Starwatch for January 2023

Written by on January 22, 2023

Hello! I’m Karl Hricko of United Astronomy Clubs of NJ and the National Space Society, bringing you the January Starwatch for the WNTI listening area.


Ring in the new, and ring out the old.  It’s January, the first month of the year.  But was that always true? Well, a calendar is an artificial system that we try to match up with the motion of the Earth around the Sun.  The problem is that there isn’t an even number of days in a year.


To correct for this mismatch, Julius Caesar changed the 10 month Roman Calendar which began in March, by introducing a 12 month calendar.
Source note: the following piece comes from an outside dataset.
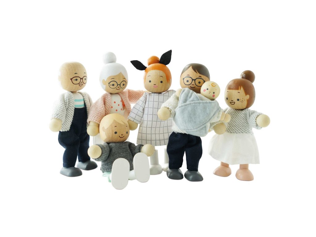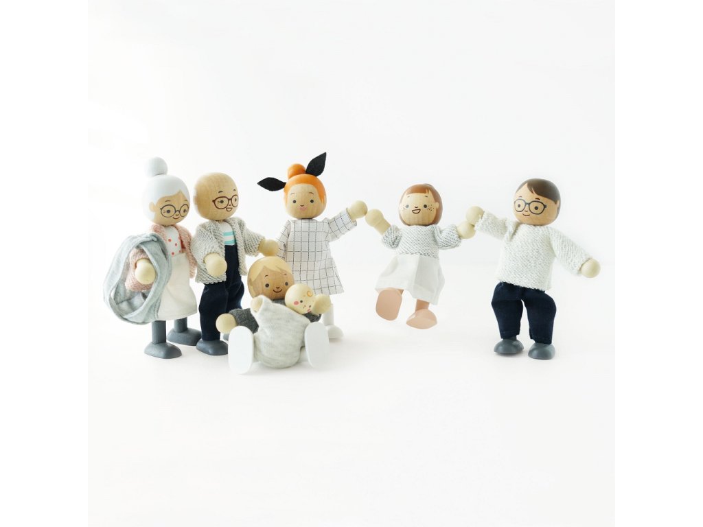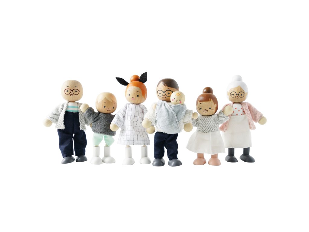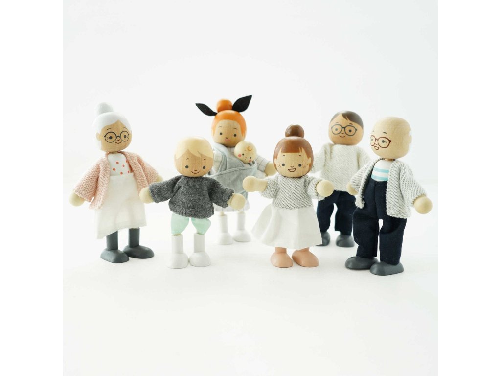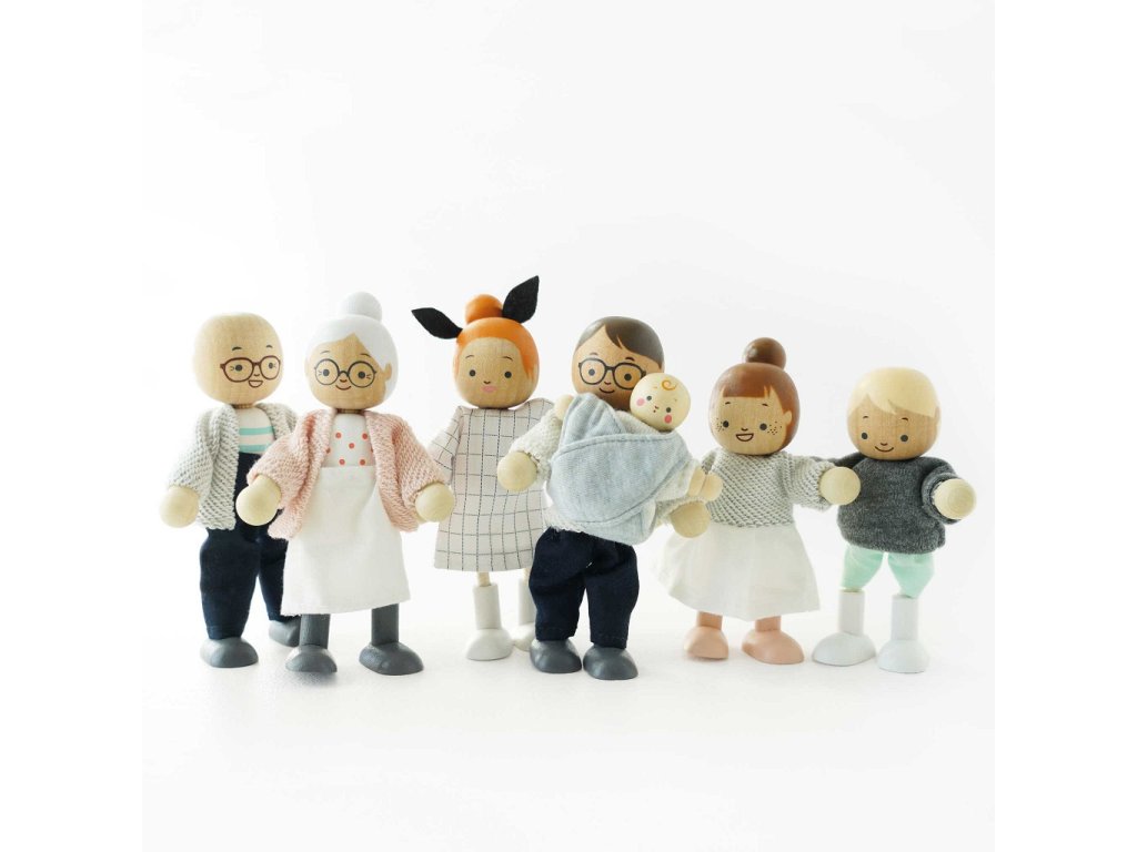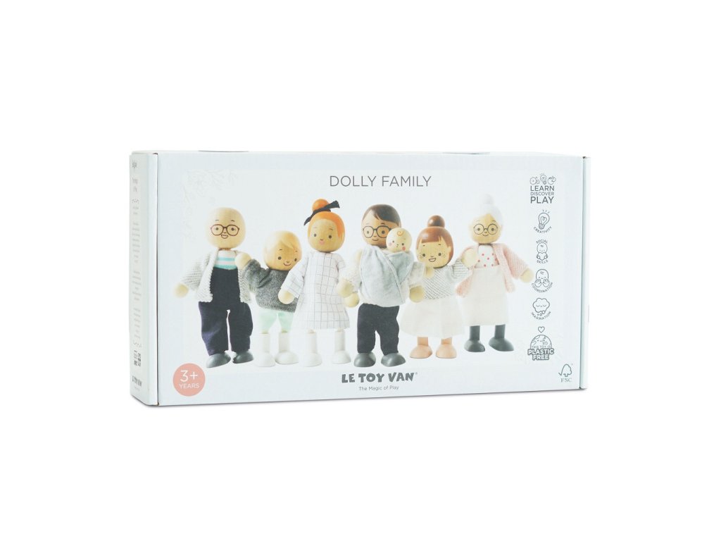 Šťastná rodina! Táto sada siedmich drevených bábik je pripravená a čaká na rodinné dobrodružstvá. Postavičky sú oblečené do krásnych, ručne šitých outfitov. Ich veľkosť je prispôsobená pre všetky domčeky a produkty značky Le Toy Van. Ideálna hračka pre vzdelávanie a inšpiráciu, ktorá podporuje sociálnu hru a zdokonaľuje jemné motorické schopnosti. Produkt sa môže líšiť vo farebných detailoch. Hračky s účelomVšetky hračky firmy Le Toy Van sú vyrobené s cieľom - aby dlho vydržali. Dizajnované s láskou skúsenými remeselníkmi za použitia etických praktík a udržateľných materiálov, ktoré sú láskavejšie k našej planéte. Hlavné vlastnosti: bábiky majú ručne šité oblečenie, vlnené vlasy a pohyblivé končatinyodborne a láskyplne vyrobené z udržateľných materiálovdrevo certifikované FSC z udržateľných zdrojovdôkladne testované, aby spĺňalo najvyššie bezpečnostné štandardyzdobené netoxickými farbami na vodnej bázehračka pomáha rozvíjať komunikáciu, sociálne zručnosti a kreativitu Značka a certifikát FSC® (Forest Stewardship Council) zaručuje, že drevo, z ktorého bol výrobok vyrobený, nebolo vyťažené nelegálne a pochádza z lesov obhospodarovaných šetrným či prírode blízkym spôsobom, v ktorom sú dodržiavané prísne environmentálne a sociálne požiadavky. Značka FSC® na výrobku znamená, že svojim nákupom pomáhate chrániť lesy a podporujete šetrné, zodpovedné či prírode blízke hospodárenie, vďaka ktorému sú naše lesy stabilnejšie, zdravšie, majú prirodzenú druhovú skladbu a lepšie odolávajú negatívnym následkom klimatických zmien.Dodatočné parametre

He also introduced the idea that a day should be added to February every 4th year, to make it a leap year.


This still wasn’t a good match because by the 16th Century, the calendar was behind by 10 days.  So in 1582 Pole Gregory XIII and his astronomers made a change to the Julian calendar by decreeing October 5 to be October 15, back in line with the seasons. Now, every 4th year is a leap year except when it falls on a century year that is not evenly divided by 400.


For the heavens, the stars and planets pay no attention to what we do with our Calendar. After sunset, four of the visible planets can be seen from left to right across the night sky, going from southeast to southwest. Beginning with Mars looking southeast in Taurus, then Jupiter in Pisces, followed by Saturn in Capricornus. At the end of the month, Venus moving down, and Saturn moving upward come close together in the sky.


So, let’s begin our New Year with our Gregorian Calendar, while the stars and planets move through the heavens using their own calendar.


Until our next Starwatch –Don’t forget to check out …  What’s up in the night sky!